Lifetime Exclusion (Basic Exclusion Amount)
The basic exclusion amount determines how much you can transfer tax-free during life and at death. Understanding the exclusion amounts, portability between spouses, and the unlimited marital deduction is key for exam questions on estate planning.
The Basic Exclusion Amount
The basic exclusion amount is the total dollar value of assets a person can transfer (during life and at death combined) without owing federal gift or estate tax:
- For 2025: $13.99 million per individual ($13,990,000)

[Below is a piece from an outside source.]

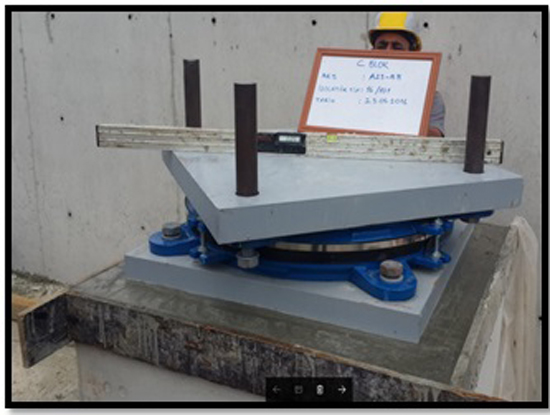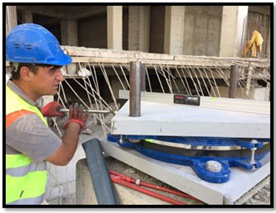 The installation in the construction-site of seismic isolators is an application that needs to be done precisely. The installation steps of the steel plates placed on the upper and lower sides of the isolators and isolators used in the Erzurum Health Campus are given below:

- Married couples can effectively shield up to $27.98 million combined
- The exclusion applies to the combined total of lifetime taxable gifts and the taxable estate at death
- The amount is indexed for inflation and adjusts annually
Portability Between Spouses
Portability allows a surviving spouse to use the deceased spouse's unused exclusion:
- If the first spouse to die does not use their entire exclusion, the unused portion can transfer to the surviving spouse
- The estate of the first spouse must file Form 706 (estate tax return) to elect portability, even if no estate tax is owed
- The surviving spouse can then add the deceased spousal unused exclusion (DSUE) to their own exclusion
Example:
- First spouse dies with a $4 million taxable estate (2025)

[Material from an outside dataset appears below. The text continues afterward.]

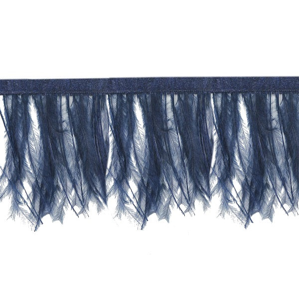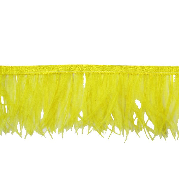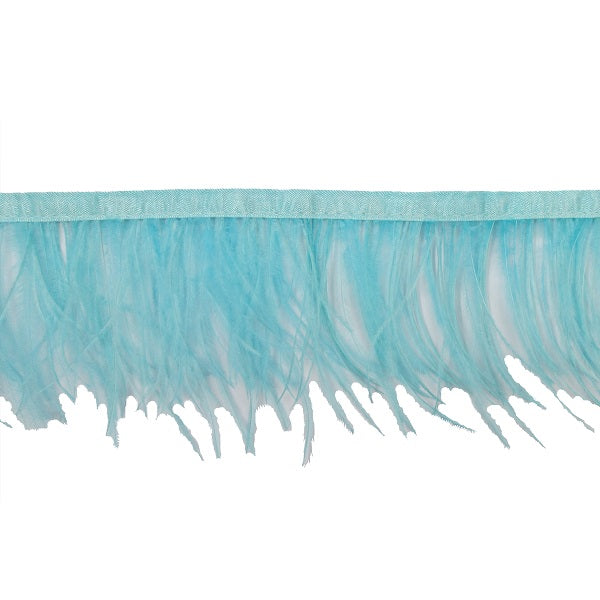 Passamaneria frangia piume struzzo disponibile in diversi colori. Le piume di struzzo sono cucite a un nastro di raso alto circa 1cm nello stesso tono della frangia. La frangia piuma di struzzo venduta al metro è ideale per decorare costumi, abiti fai da te ed è disponibile in diversi colori tra cui il nero, crema, giallo, corallo, turchese, blue, petrolio.

- Their unused exclusion: $13.99M - $4M = $9.99 million
- If Form 706 is filed, the surviving spouse's available exclusion becomes: $13.99M + $9.99M = $23.98 million
Exam Tip: Gotchas
- Portability requires filing Form 706 even when the estate owes no tax. If the executor fails to file, the unused exclusion is lost. Portability is NOT automatic; it must be elected.
- Portability applies to the estate/gift tax exclusion but NOT to the generation-skipping transfer tax (GST) exemption. The GST exemption cannot be transferred to a surviving spouse.
Unlimited Marital Deduction
Transfers between spouses receive special treatment under the tax code:
- Transfers between spouses (during life or at death) are generally not subject to gift or estate tax
- The unlimited marital deduction allows any amount to pass between spouses tax-free
- There is no cap: a spouse can leave $100 million to their partner with zero transfer tax
Non-citizen spouse exception:
| Spouse Status | Rule |
|---|---|
| U.S. citizen spouse | Unlimited marital deduction applies |
| Non-citizen spouse (gifts during life) | Special annual exclusion of $190,000 (2025) |
| Non-citizen spouse (transfers at death) | Must use a qualified domestic trust (QDOT) to defer estate tax |
Exam Tip: Gotchas
- The unlimited marital deduction requires the receiving spouse to be a U.S. citizen. For non-citizen spouses, the rules are more restrictive: a special $190,000 annual exclusion for lifetime gifts, and a qualified domestic trust (QDOT) requirement for transfers at death.